Notariato Convention 2020

Il workshop a cura della Commissione Studi Civilistici del CNN si è incentrato sul tema “Il Notariato e la riforma del diritto successorio” ed è stato animato dai notai Cesira De Michele (moderatrice e relatrice), Carmine Romano (relatore), Raffaele Lenzi (relatore), Marino Sannino (moderatore della chat).

Il tema è stato introdotto da Cesira De Michele, che ne ha ricordato la scottante attualità, specialmente alla luce delle note criticità legate alla circolazione degli immobili di provenienza donativa e alle altrettanto note istanze, formulate dalla dottrina più autorevole, di riforma del diritto delle successioni e particolarmente della successione necessaria.

Un primo profilo della proposta della riforma proveniente dal Notariato, formulata nel 2019, è esposto da Carmine Romano e riguarda il ripensamento del principio di unitarietà della successione, secondo cui le stesse regole successorie trovano applicazione a prescindere dalle caratteristiche soggettive di ciascun successibile, senza alcuna possibilità di distinguere tra le diverse istanze di tutela che vengono in rilievo, ad esempio, con riferimento ai soggetti più deboli come i successibili disabili. Si tratta di istanze di cui un disegno di riforma non può non tenere conto.

Un altro profilo è quello della c.d. legittima per equivalente, ossia della conversione del diritto reale alla legittima in un diritto di credito ad un valore da quantificarsi secondo le regole tradizionali della successione necessaria (relictum meno debiti più donatum). Il disegno di riforma del Notariato configura la legittima non più come un diritto sui beni del de cuius, ma come un diritto di credito che il legittimario vanta nei confronti dei beneficiari delle disposizioni lesive della sua riserva.

Questa conversione della legittima in credito comporta evidentemente una modifica della natura dell’azione di riduzione, che non è più un’azione di impugnativa negoziale, tale da minare la stabilità del titolo attributivo del beneficiario, e non è più prodromica all’azione di restituzione, che anzi non ha più ragion d’essere. L’azione di riduzione diviene invece azione di accertamento costitutivo del credito pecuniario del legittimario leso, esperibile nei confronti dei beneficiari delle disposizioni lesive. A questi, peraltro, viene riconosciuta la facoltà di liberarsi dal debito nei confronti del legittimario leso trasferendo allo stesso, in tutto o in parte, quanto ricevuto dal de cuius.

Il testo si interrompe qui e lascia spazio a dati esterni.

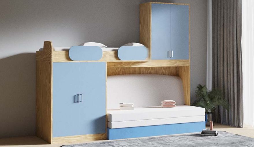 Кровать с диваном Гамма 4 BMS – это комфортная зона отдыха и удобная система хранения для современной детской. Двухъярусная модель оборудована просторным спальным местом и шкафчиком с полками для игрушек и книг на втором ярусе, а на первом расположены раскладной диван и встроенный шкаф для одежды. Корпус в светлых древесных тонах дополняют цветные фасады с ручками-скобами. Купить кровать с диваном Гамма 4 BMS по доступной цене приглашаем к нам в интернет-магазин.

Sempre nel disegno di riforma del Notariato, il credito del legittimario leso è assistito da un privilegio speciale sull’immobile donato/legato, inopponibile agli aventi causa dal beneficiario della disposizione lesiva i quali abbiano trascritto o iscritto il titolo prima della trascrizione della domanda giudiziale di riduzione.
Sul piano fisiologico, la legittima per equivalente consente al testatore una maggiore libertà di disporre del proprio patrimonio per il tempo successivo alla sua morte, mettendo a sua disposizione strumenti nuovi come, ad esempio, il legato in sostituzione di legittima avente ad oggetto denaro non presente nel suo patrimonio.

Una riforma di questo tipo avvicinerebbe il nostro ordinamento a quello francese e a quello tedesco, e determinerebbe il superamento di tradizionali istituti quali quello – già ricordato – dell’azione di restituzione e quello della cautela sociniana di cui all’art. 550 cod. civ.

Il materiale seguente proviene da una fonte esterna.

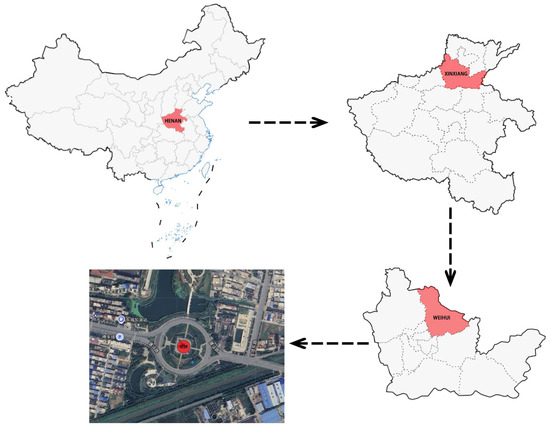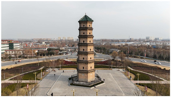 Weihui is a county-level city in northern Henan Province, China, between a 113°51′–114°19′ E longitude and a 35°19′–35°42′ N latitude. The region is characterized by a warm temperate continental monsoon climate (Figure 2). Zhen Guo Tower, also known as Lingying Tower, is located in a roundabout park along Jianshe Road in the urban area of Weihui. Originally constructed in 1585 AD during the 13th year of the Ming Dynasty’s Wanli reign, the tower is a representative seven-story pavilion-style brick pagoda. It stands at 34.5 m tall with a hexagonal base, featuring densely arranged eaves and intricate dougong brackets, reflecting the advanced masonry techniques and architectural esthetics of the Ming Dynasty (Figure 3). In 1986, the tower was designated as a provincially protected cultural heritage structure in Henan. Despite multiple restorations, the tower has retained its overall historical integrity and original appearance.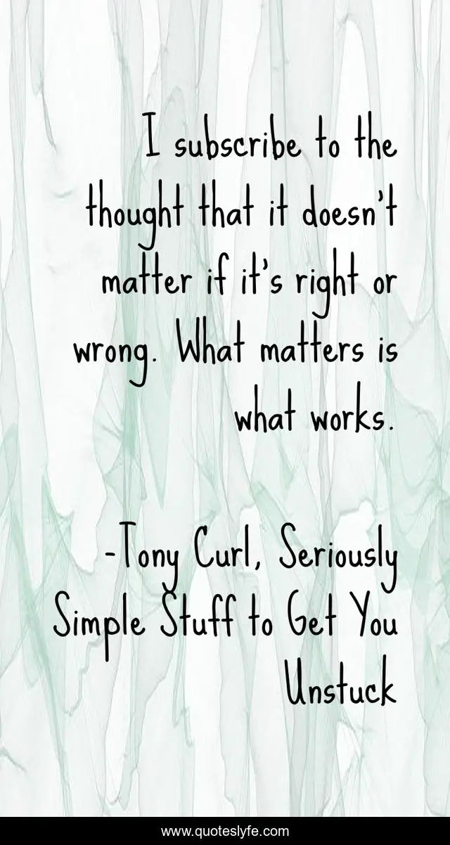 This page presents the quote "I subscribe to the thought that it doesn’t matter if it’s right or wrong. What matters is what works.". Author of this quote is Tony Curl, Seriously Simple Stuff to Get You Unstuck. This quote is about goal-getting, positive, motivational, confidence, optimistic, inspirational, life-changing, enthusiasm, goal-setting,.

Un ulteriore profilo della proposta di riforma del Notariato è quello riguardante il patto di famiglia e, in particolare, l’ampliamento del relativo ambito di applicazione con la sua estensione ai beni non produttivi e il ripensamento strutturale dell’istituto.

Sotto quest’ultimo aspetto, Carmine Romano ricorda che una delle maggiori criticità operative del patto di famiglia si deve alla sua rigidità strutturale e, in particolare, alla previsione che il discendente assegnatario debba liquidare i legittimari non assegnatari. Nella maggior parte dei casi, l’assegnatario non dispone della liquidità sufficiente per effettuare la liquidazione ed è costretto a fare ricorso alla provvista fornitagli dallo stesso disponente: meccanismo, questo, che la dottrina ha ammesso, ma che si risolve in una liberalità ulteriore operata dal disponente a vantaggio dell’assegnatario. Questo problema ben potrebbe essere risolto dalla tipizzazione normativa del c.d. patto di famiglia verticale, cioè della liquidazione dei legittimari non assegnatari ad opera dello stesso disponente.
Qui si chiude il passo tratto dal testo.